Deer damage a ‘major, major issue’


The Maryland Department of Agriculture held a deer summit in Annapolis on May 11 to address the state’s overpopulation of deer, which has frustrated farmers for years. (Photo by Jonathan Cribbs)
ANNAPOLIS, Md. — Regions of the state may have too many deer, but Maryland’s total population has been stable for nearly two decades, a state wildlife official said last week, addressing claims that a dramatic increase in deer numbers is driving crop losses and other issues.
Following a fast rise in the 1990s that peaked at nearly 300,000 in 2002, Maryland’s white-tailed deer population has mostly hovered between 200,000 and 250,000, said Brian Eyler, associate director of the Wildlife & Heritage Service at the department of natural resources.
Eyler spoke at a summit held by the department of agriculture on May 11 to address deer overpopulation. For skeptics, he said that state data is backed up by State Farm Insurance, which keeps a yearly tally of its customers’ auto collisions with deer in the state. The number of deer collisions has hovered between 30,000 and 35,000 since 2007 no matter the total number of customer miles driven, which, save for the pandemic, has been similarly stable. A dramatic rise in deer populations would naturally lead to an increase in auto collisions, he said.
“I’m not saying we don’t have too many deer in some areas,” Eyler said. “We know we do, but sometimes we hear this, ‘Oh, this (deer) increase is out of control.’ Well, that’s not what our data says.”
The last time the USDA surveyed Maryland farmers regarding crop damage in 2011, deer were responsible for 77 percent of it, said Colby Ferguson, government relations director at the Maryland Farm Bureau. Based on discussions with farmers statewide, Maryland Farm Bureau estimates that average deer damage by acre is about $50 per year, he said. Considering Maryland’s more than 1.1 million crop acres, deer could be causing as much as $60 million in damage yearly.
“It’s really become a major, major issue,” he said.
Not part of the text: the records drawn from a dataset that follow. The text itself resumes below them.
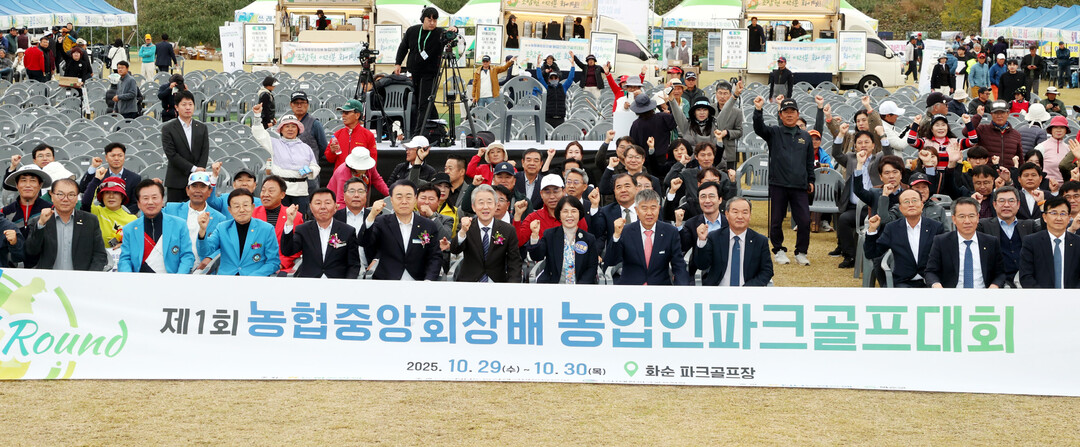 10월 30일 전남 화순 파크골프장에서 열린 '제1회 농협중앙회장배 농업인 파크골프대회' 결승전 시상식에서 참석자 등 화이팅을 외치며 기념촬영을 하고 있다. 농협 제공
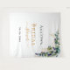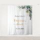 Un fond blanc chic. Décoré de feuilles d'eucalyptus aquarellées vertes, de brindilles, de verdure et de feuilles dorées. Personnalisez et ajoutez le nom de la future mariée et une date. Lettres noires et dorées. Peut être utilisé comme bannière de bienvenue pour une fête de mariage, comme décoration murale de fête ou comme toile de fond pour photobooth.
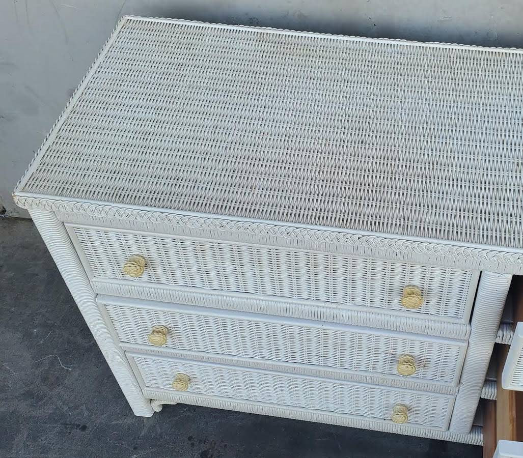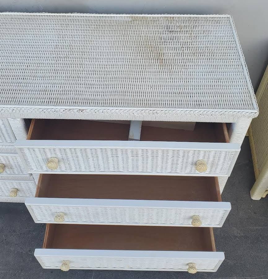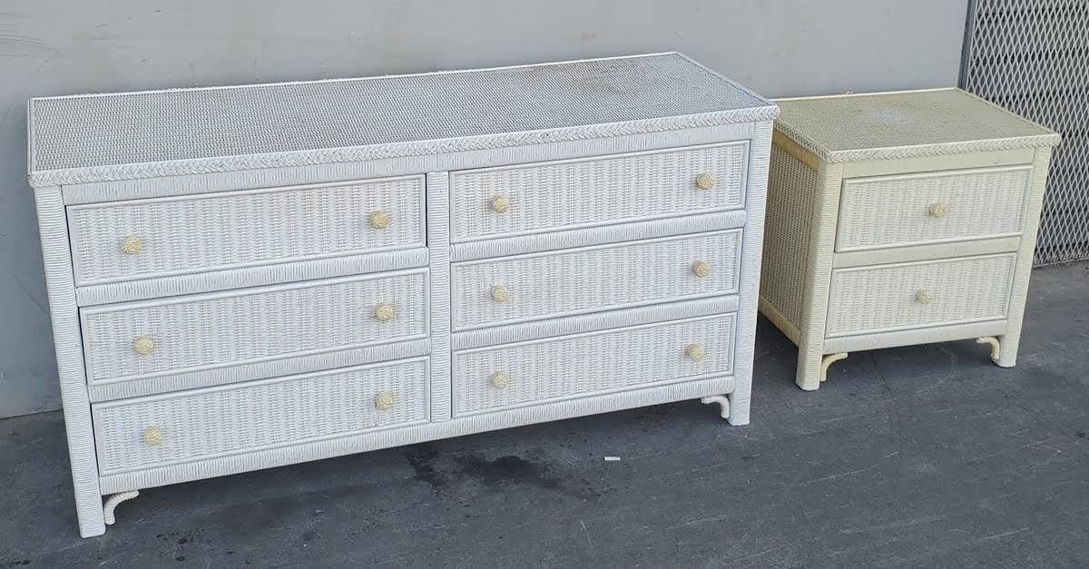 Hello we are selling an Antique/vintage Henry Link white/cream wicker dresser and nightstand set , it is in good condition.
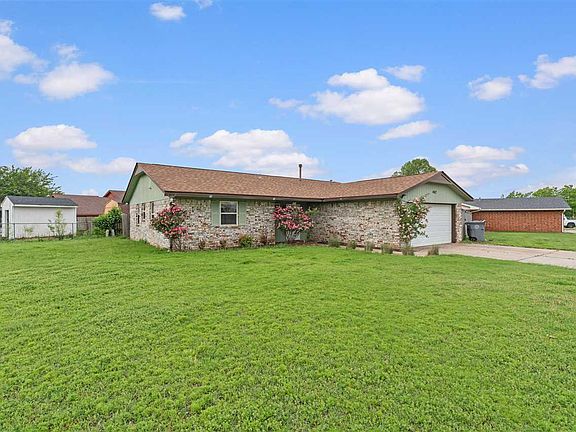 Affordable home in desired Sungate Addition! This home has approx. 1300 square feet, 3 bedroom, 1 3/4 bath and 2 car garage with privacy fenced backyard on a corner lot plus storage shed. New luxury vinyl flooring in the living room and carpet in bedrooms. Owner is leaving the refrigerator, washer and dryer and tv in the garage with the home. Give listing Julie Bridges, RE/MAX Professionals a call at 580 695-3883 with any questions.
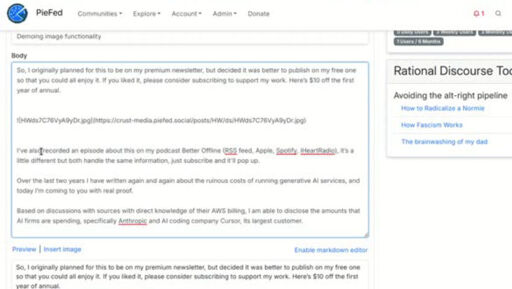 Fuck AI @lemmy.world How comprimised is Ed Zitron (Where's Your Ed At)?
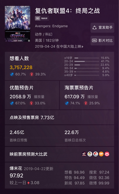深圳新聞網4月24日訊(記者 陳婕)相信你的朋友圈已經被“復聯4”占據了領地,而小記認識的英雄還湊不齊一桌麻將。截至24日00點,《復仇者聯盟4》預售已破7億!超《美國隊長2》總票房,在《復聯4》的預售峰值期,淘票票預售市場占比過半。
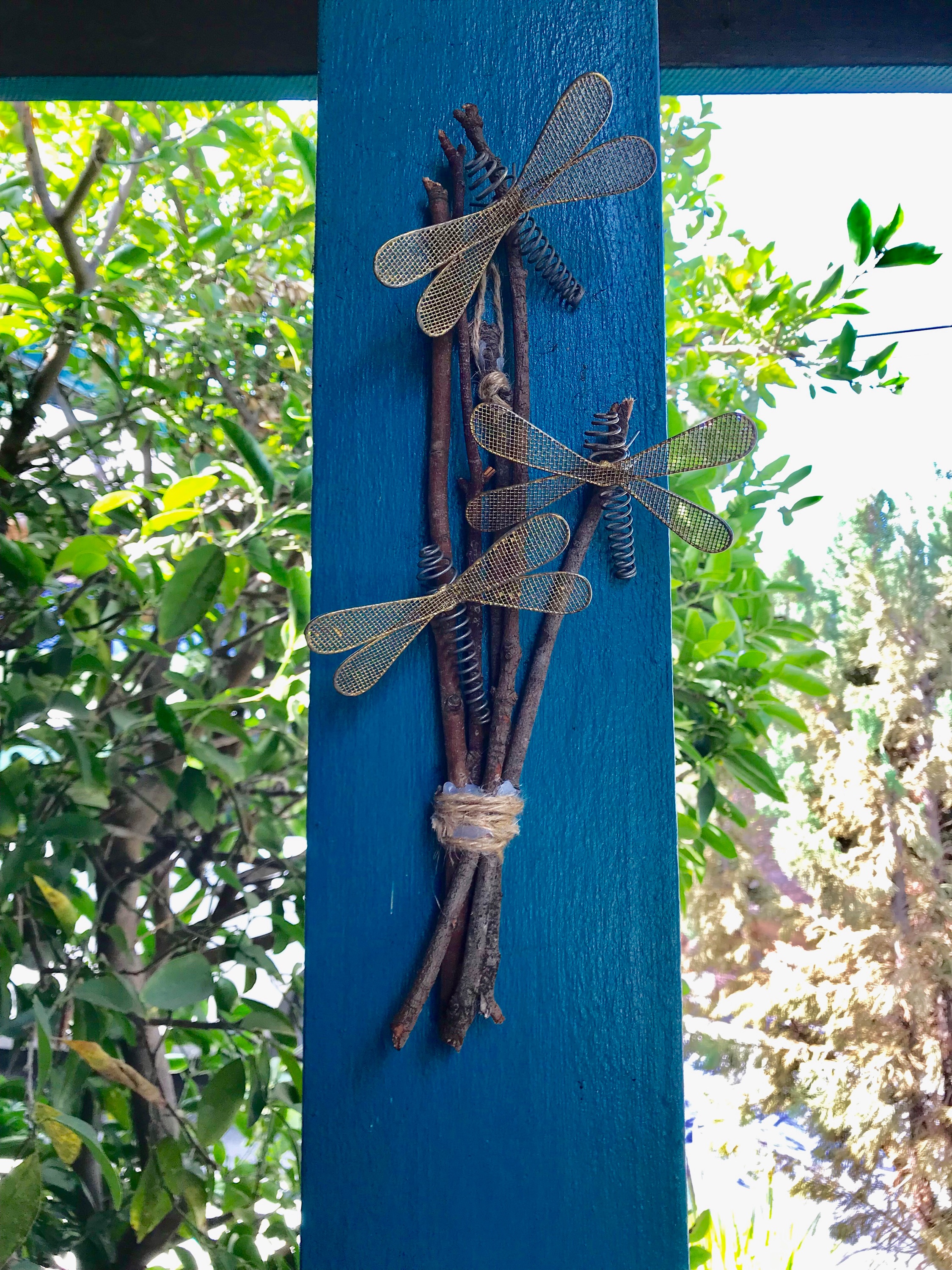 I absolutely love playing with sticks! I also have an affection for dragon flys. Here, I’ve combined the two to make a whimsical little decoration for my front porch.
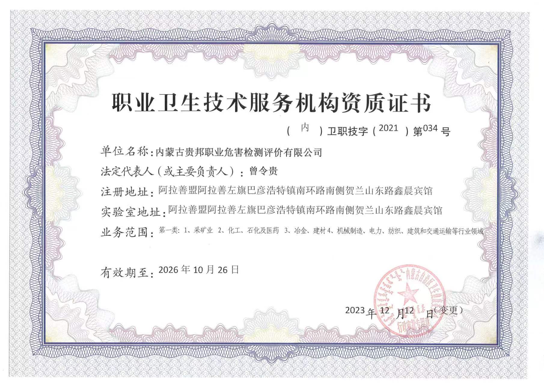 內(nèi)蒙古貴邦職業(yè)危害檢測(cè)評(píng)價(jià)有限公司(www.fjjyzt.com)版權(quán)所有 地址:阿拉善盟阿拉善左旗賀蘭山東路加氣站南側(cè)鑫晨賓館一樓 24小時(shí)熱線:18947252199 蒙ICP備:蒙ICP備21006705號(hào)-1 公安備案號(hào):50011802010212
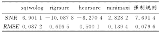 表2 不同閾值規則下的SNR和RMSE的統計數據
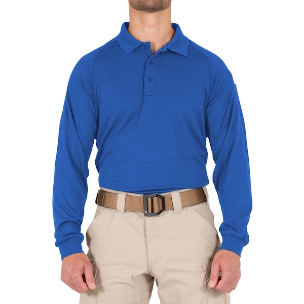 PERFORMANCE POLO LONG SLEEVE, 100% Polyester, Button, 1 Pocket(s), Royal Blue, M
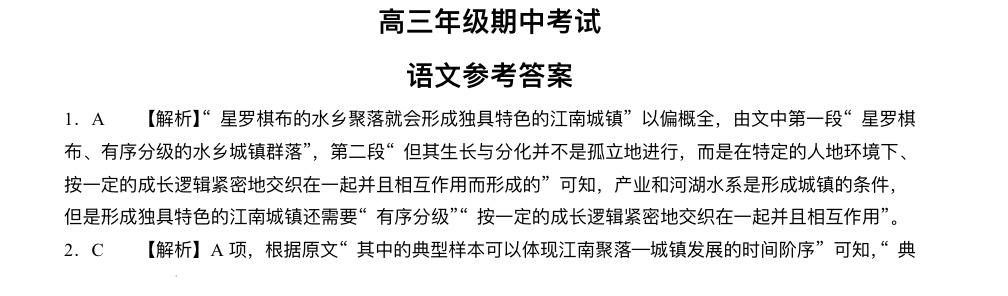 河北省部分学校2025届高三11月期中考试语文答案
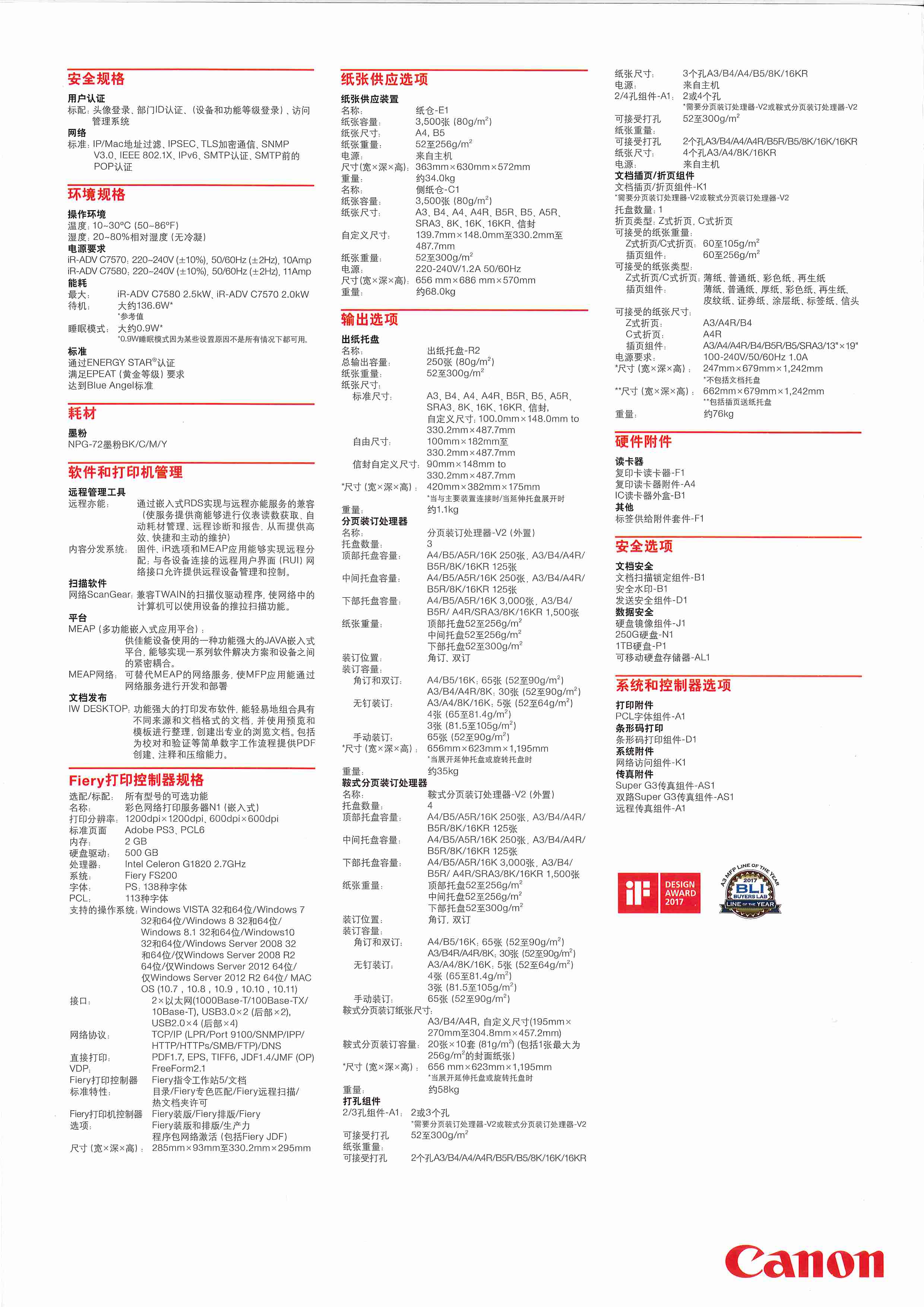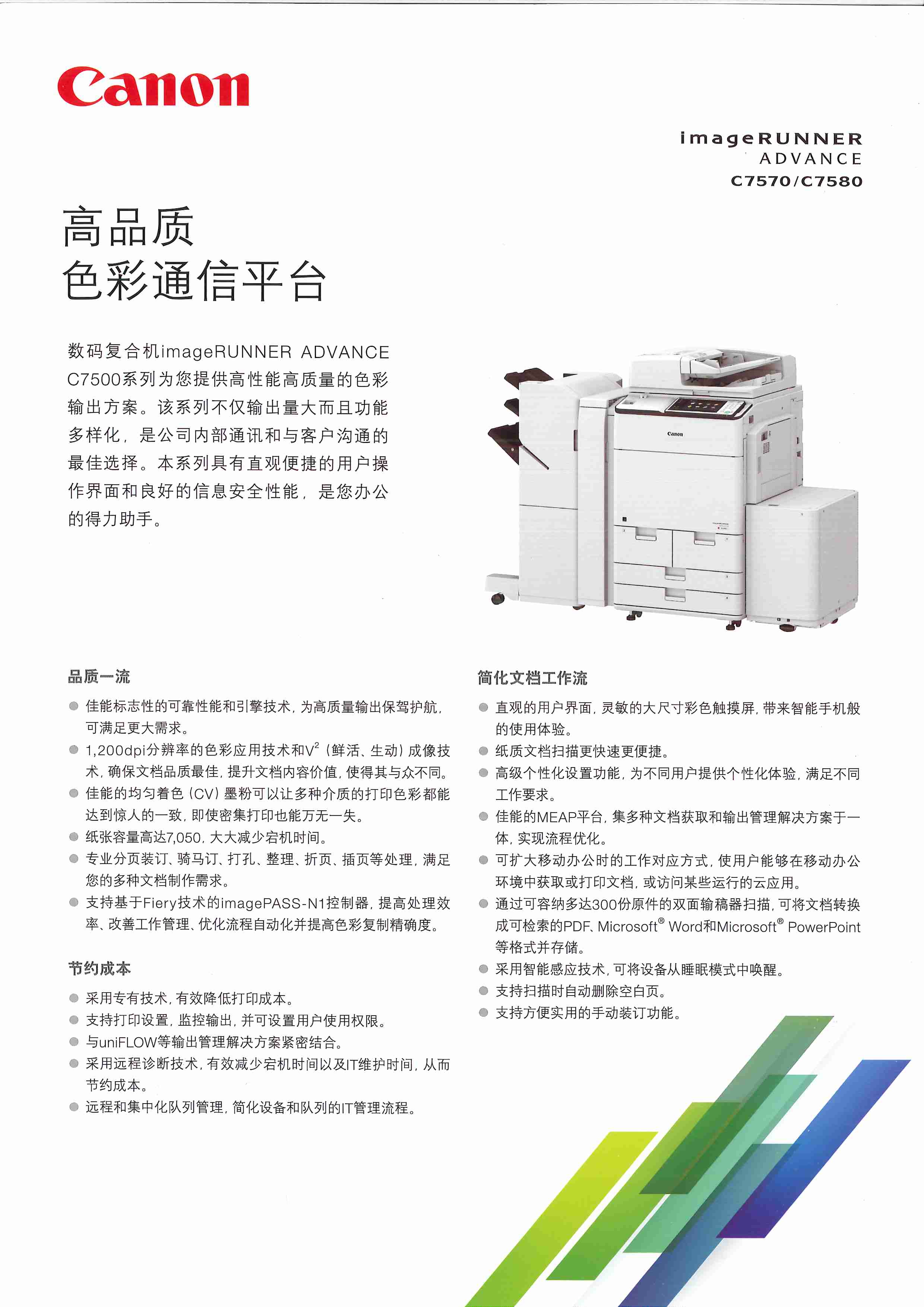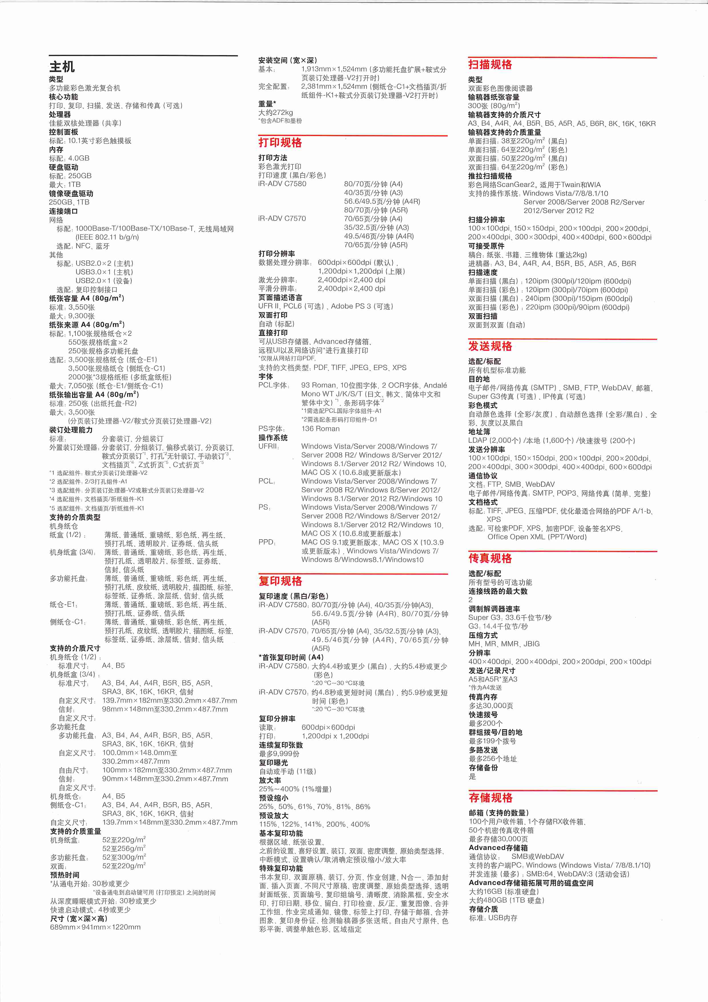 佳能 IR-ADV C7580復合機(含鞍式騎馬裝訂器/緩沖區(qū)組件/6年全包服務(wù))【基本費用前5年按56148元/半年收取、第6年按21000元/半年收?。ò肽臧『诎?0萬張、彩色1.8萬張)。合計12期收費?;举M用每半年預收,半年后收取超出的費用及下半年的基本費用】(超出部分的費用是不確定值,每張按黑白0.04元、彩色0.50元收取,客戶另行結(jié)算,沒計入本合同總價內(nèi)。)
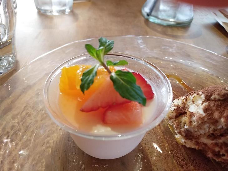 そして、ドルチェもティラミスとパンナコッタのふたつを頼んでみました。パンナコッタはふわっふわです。このパンナコッタは今まで食べたなかでも絶品です。フルーツも甘くてクオリティの高いおいしさです。
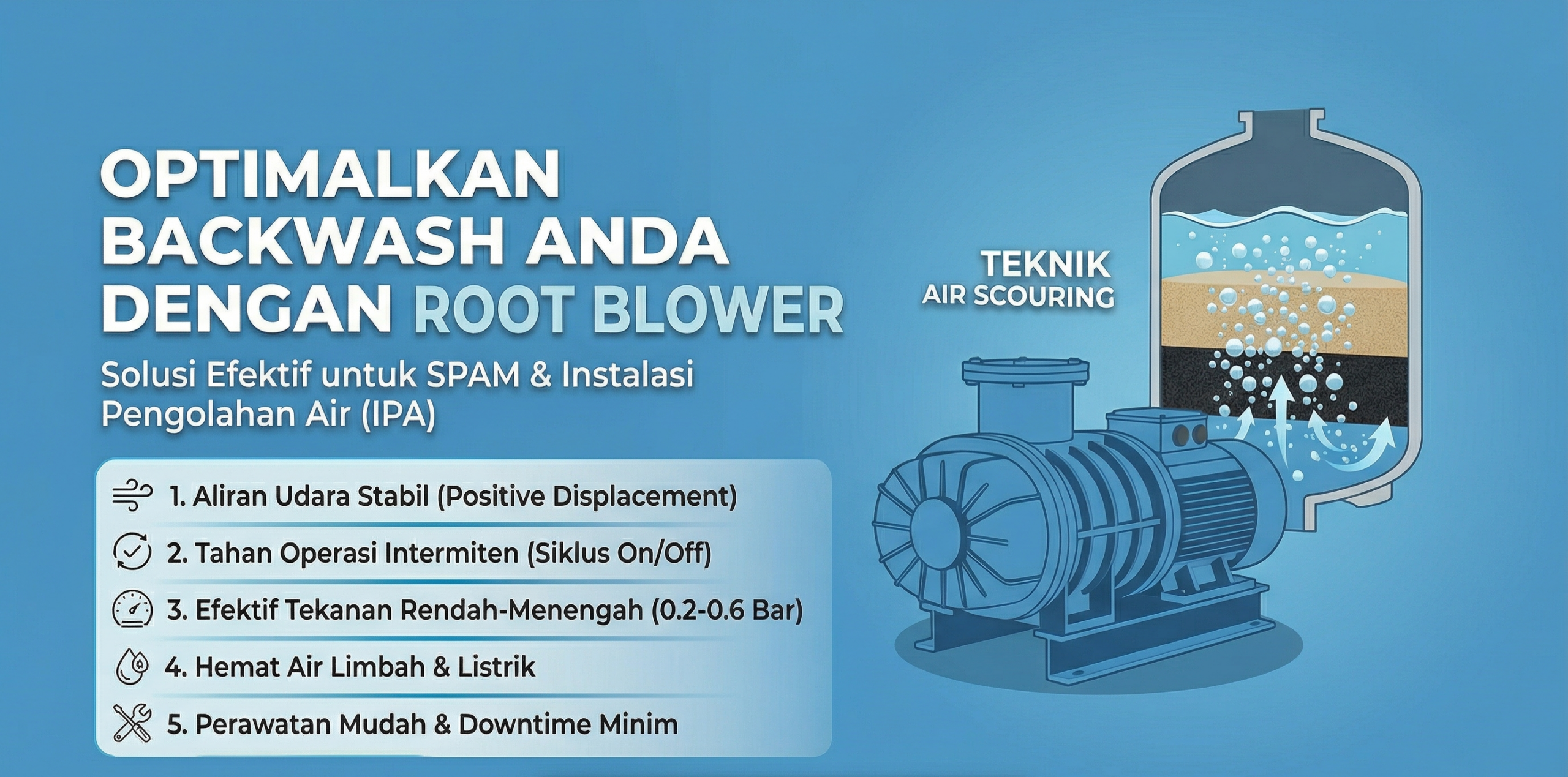 Jika dibandingkan denganblower turbo yang mahal atauring bloweryang mudah kewalahan di kapasitas besar,root blower tetap jadi pilihan paling rasional untuk SPAM/WTP. Berikut rincian manfaat dan keunggulan utamaroot blower untukbackwash SPAM/WTP:
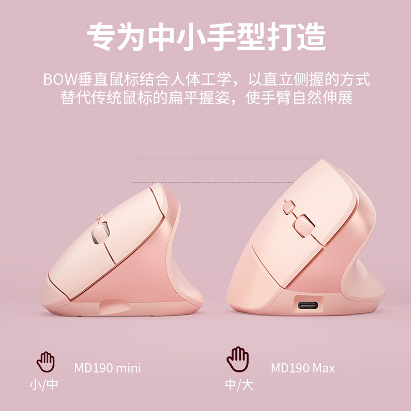B.O.W航世 MD190mini是一款专为中小手设计的人体工学鼠标。这款鼠标采用垂直设计,适合长时间使用电脑的用户,可以有效减少手腕的压力和疲劳感。MD190mini还支持无线蓝牙连接,无论是笔记本还是台式机都能轻松应对。
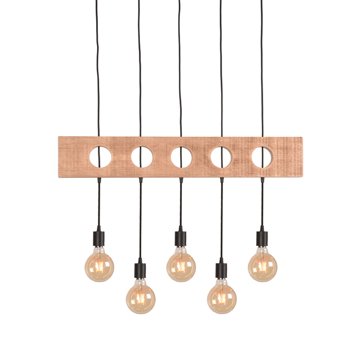Hanglamp Timber van LABEL51 is een speelse lamp met een opvallend en uniek design. Timber biedt ruimte om maar liefst vijf lichtbronnen te plaatsen, voor de maximale lichtopbrengst. De robuuste houten basis gecombineerd met de speelse strijkijzerkoorden in verschillende lengtes maken deze lamp tot een sensationeel item.

Ferguson touted recent legislation approved by Gov. Wes Moore that will create and fund a cost-share program for farmers to plant forage crops on private farmland that would divert deer from growers’ actual crops.
He also advocated for the creation of a landowner ombudsman in the department of natural resources to focus on wildlife management on private lands and urged the state to allow farmers to sell venison from certified processors commercially.
The state needs to increase hunting access and improve the effectiveness of hunters as well, Eyler said. Nearly 10,000 deer were harvested over the last year.
“There’s a lot of land out there that either isn’t hunted or isn’t hunted enough,” he said.
Hunters also need to focus their attention on antlerless deer.
“If you’re a landowner, and you’ve got hunting going on, you need to make sure you’re harvesting antlerless deer or female deer,” he said. “Shooting bucks does not control the population.”
Non-lethal means of deer management, such as mechanical fencing and diversionary crops, need more support in the state, Eyler said, and more counties need to embrace Sunday hunting as well.
“Any more opportunity, especially weekend opportunity, increases the chances that a hunter is going to harvest a deer,” he said.
Farmers & Hunters Feeding the Hungry is a popular program based in Washington County that accepts donated deer and processes them and distributes the meat to food banks, soup kitchens and homeless shelters. Josh Wilson, the organization’s executive director, said the number of donated Maryland deer fell from 4,300 processed by 41 butchers in 2013 to just 1,100 at 23 butchers last year.
Previous grant funding boosted deer donation numbers, and fewer butchers work with the program now, some due to retirement. Hunters are also increasingly keeping their larger deer as the average meat yield per deer has fallen from 50 pounds to between 30 and 40, Wilson said.